YOUR TASK.
Output only the lines of the entries that follow, starting at the one with "大红鹰dhy(中国)集团兴宝" and running down to the one with "ポイント②で求めた相続税の総", both included and unchanged.

PROVIDED ENTRIES.
——————

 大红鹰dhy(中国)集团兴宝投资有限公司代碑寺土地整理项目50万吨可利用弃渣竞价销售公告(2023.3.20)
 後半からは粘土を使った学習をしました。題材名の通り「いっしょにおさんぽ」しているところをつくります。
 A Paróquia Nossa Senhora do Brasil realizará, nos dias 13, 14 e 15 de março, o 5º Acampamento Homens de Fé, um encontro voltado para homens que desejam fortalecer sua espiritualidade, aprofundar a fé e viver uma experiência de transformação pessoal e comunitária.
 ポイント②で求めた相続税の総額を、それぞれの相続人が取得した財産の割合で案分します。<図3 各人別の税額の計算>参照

——————

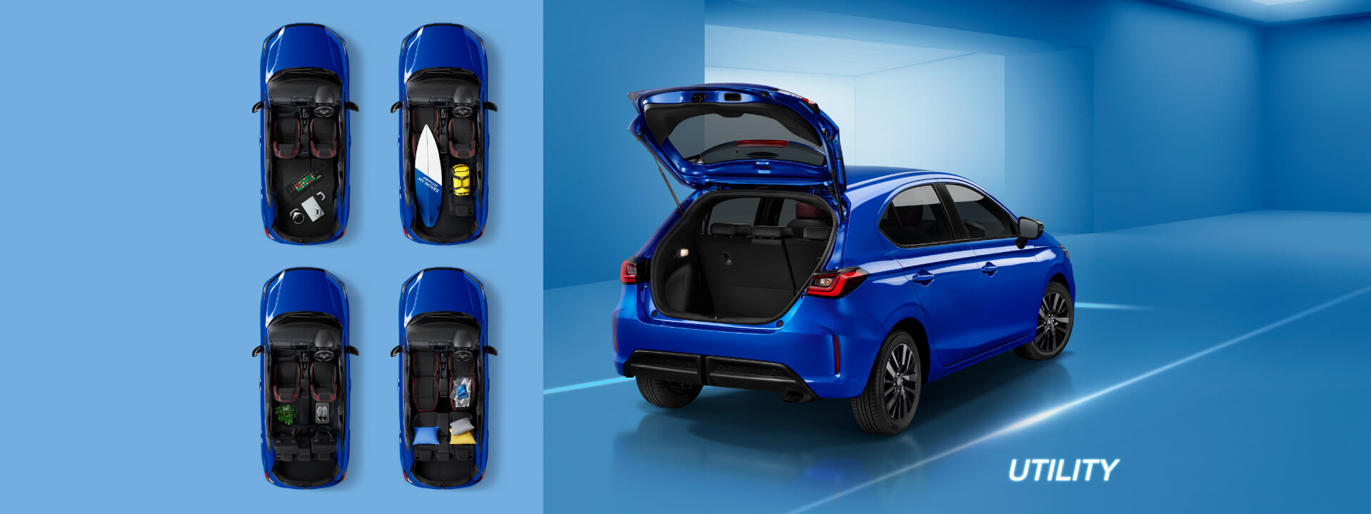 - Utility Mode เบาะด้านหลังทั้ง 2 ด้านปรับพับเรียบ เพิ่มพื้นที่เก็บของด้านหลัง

——————

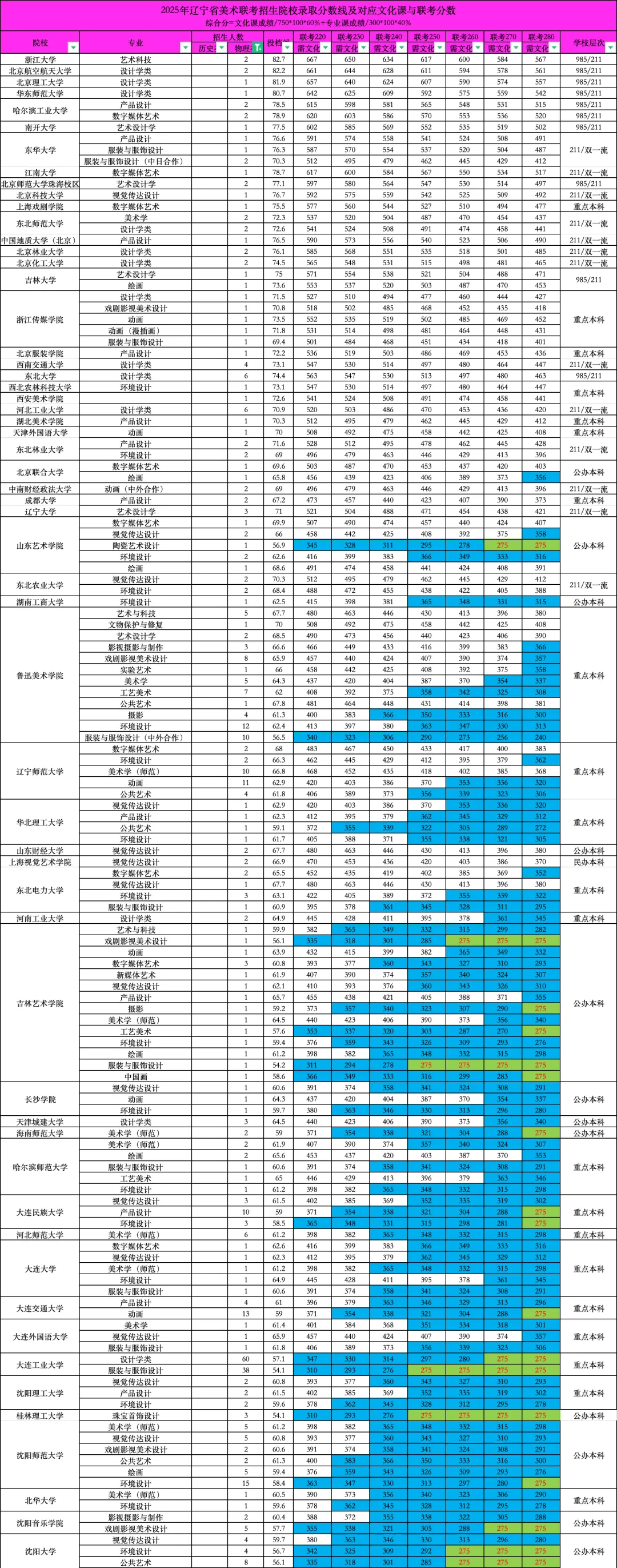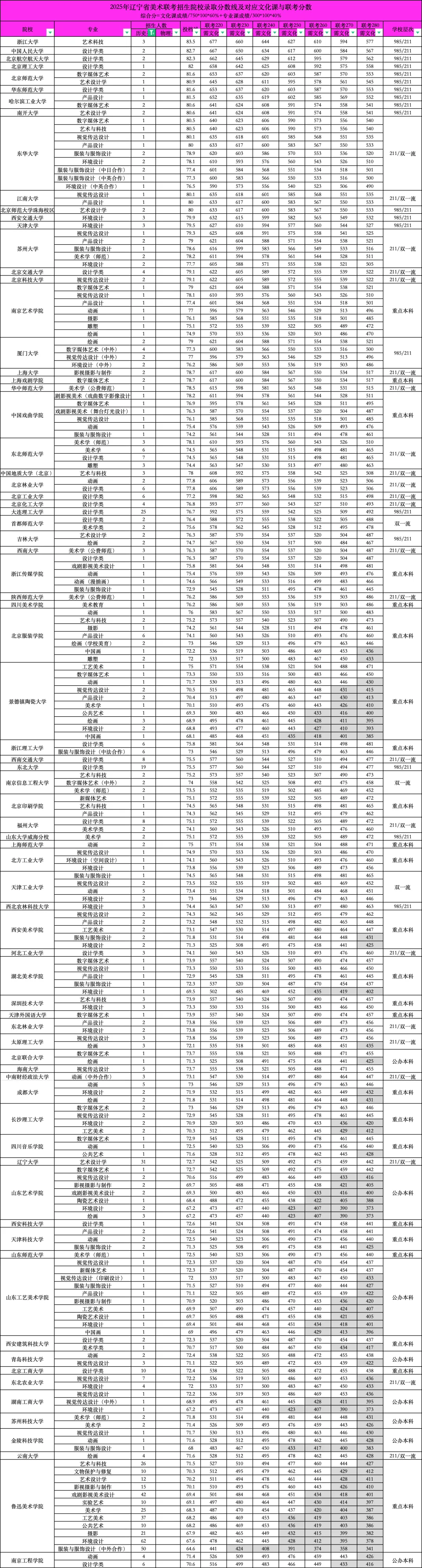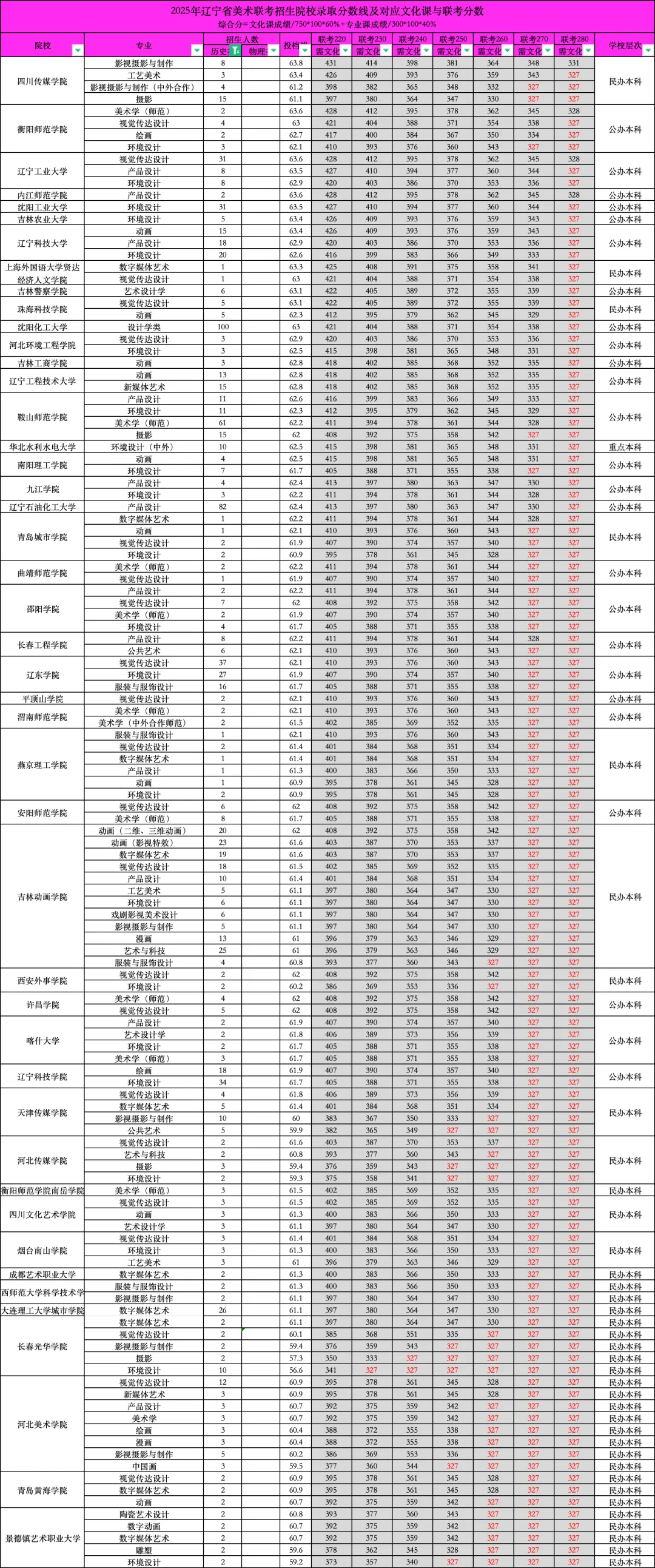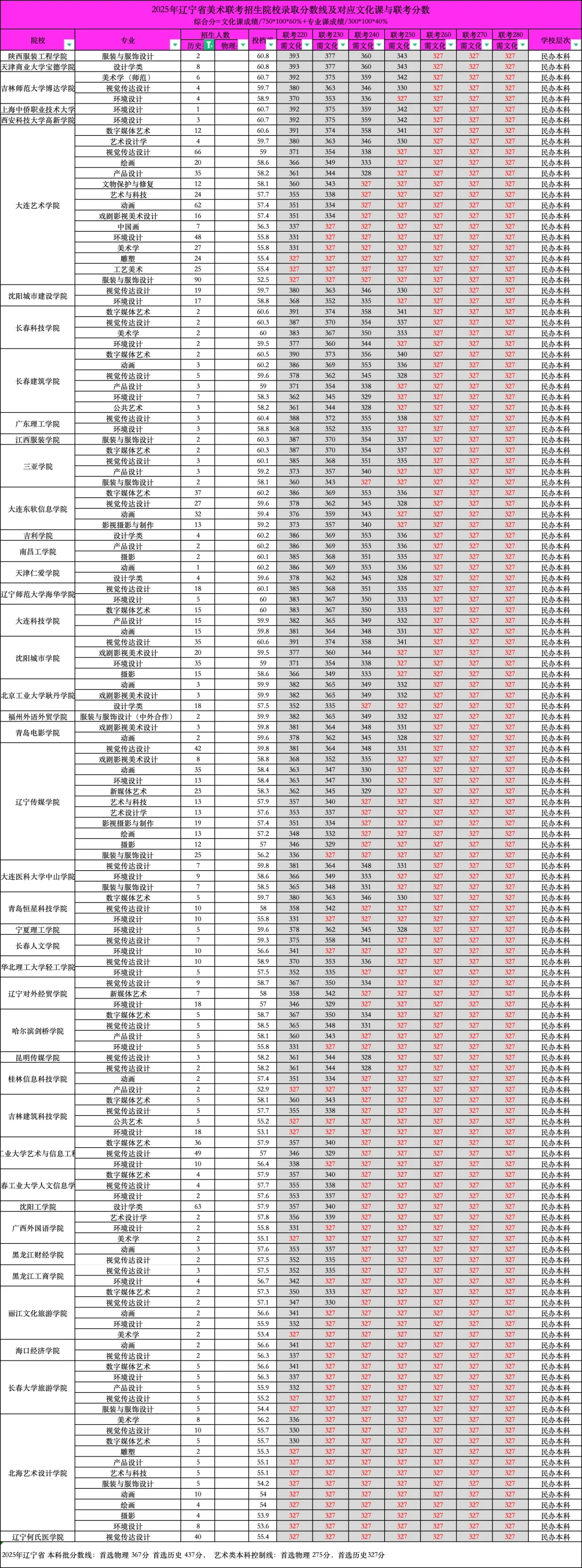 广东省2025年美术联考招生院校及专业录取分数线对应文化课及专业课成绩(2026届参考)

——————

REPLY.
 大红鹰dhy(中国)集团兴宝投资有限公司代碑寺土地整理项目50万吨可利用弃渣竞价销售公告(2023.3.20)
 後半からは粘土を使った学習をしました。題材名の通り「いっしょにおさんぽ」しているところをつくります。
 A Paróquia Nossa Senhora do Brasil realizará, nos dias 13, 14 e 15 de março, o 5º Acampamento Homens de Fé, um encontro voltado para homens que desejam fortalecer sua espiritualidade, aprofundar a fé e viver uma experiência de transformação pessoal e comunitária.
 ポイント②で求めた相続税の総額を、それぞれの相続人が取得した財産の割合で案分します。<図3 各人別の税額の計算>参照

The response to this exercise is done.